You need to get a log form gpg-agent. Put this into ~/.gnupg/gpg-agent/conf

log-file /somewhere/gpg-agent/log
verbose

this should show any errors gpg-agent encounters. If you do not see anything, add a second verbose line. Extra debug lines should not be necessary as we only use --verbose in command.ssh.c. Make sure that systemd does not try to start another gpg-agent.

What kind of ssh keys are involved - RSA? This might be related to T7882

I've already tried with verbose which gave no errors. That's why I moved to debug logging. With double verbose I don't see anything wrong either.

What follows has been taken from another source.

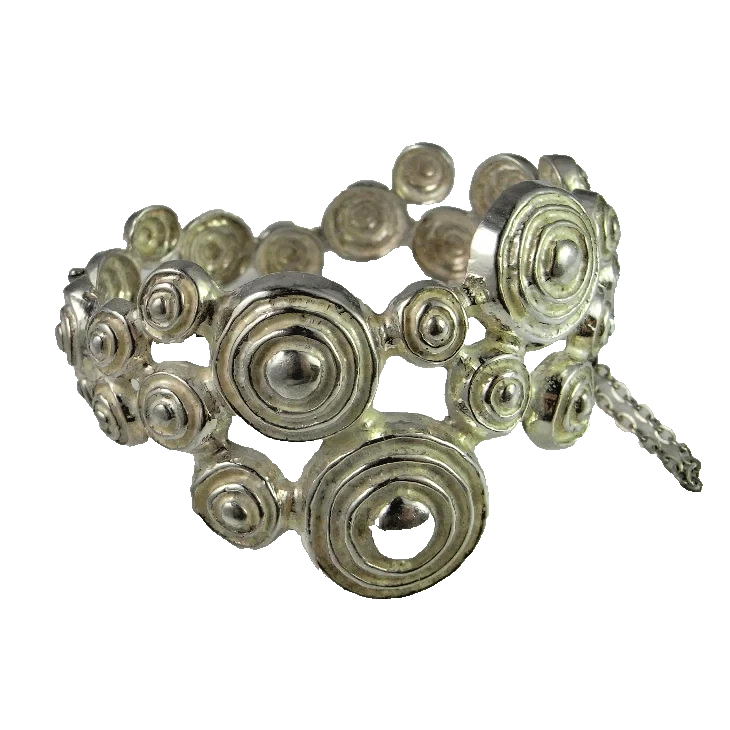 This gorgeous hand made bangle is exquisitely crafted and looks exceptional on the wrist. The design which is slightly asymmetric is reminiscent of spirals used in ancient design. It is a unique piece and a rare find on the market today.

Excerpt from log for relevant 100 connections among which 1 failed:

$ cat gpg.log | 
    sed 's/.*gpg-agent\[[0-9]*\] //'  | # remove date, time and process id                            
    grep -v 'ssh handler .* \(started\|terminated\)' | # appears to be mostly noise wit hex address
    sort|uniq -c
     80 new connection to /usr/libexec/gnupg2/scdaemon daemon established
     20 new connection to /usr/libexec/gnupg2/scdaemon daemon established (reusing)
    100 received ssh request of length 1
    100 received ssh request of length 208
    100 received ssh request of length 748
    100 sending ssh response of length 1
    100 sending ssh response of length 281
    100 sending ssh response of length 626
    100 ssh request handler for extension (27) ready
    100 ssh request handler for extension (27) started
    100 ssh request handler for request_identities (11) ready
    100 ssh request handler for request_identities (11) started
    100 ssh request handler for sign_request (13) ready
    100 ssh request handler for sign_request (13) started
    100 ssh-agent extension 'session-bind@openssh.com' not supported
    100 ssh-agent extension 'session-bind@openssh.com' received

What kind of ssh keys are involved - RSA? This might be related to T7882

Could be related:

debug3: sign_and_send_pubkey: signing using rsa-sha2-512 SHA256:...

I will try to reproduce without this change.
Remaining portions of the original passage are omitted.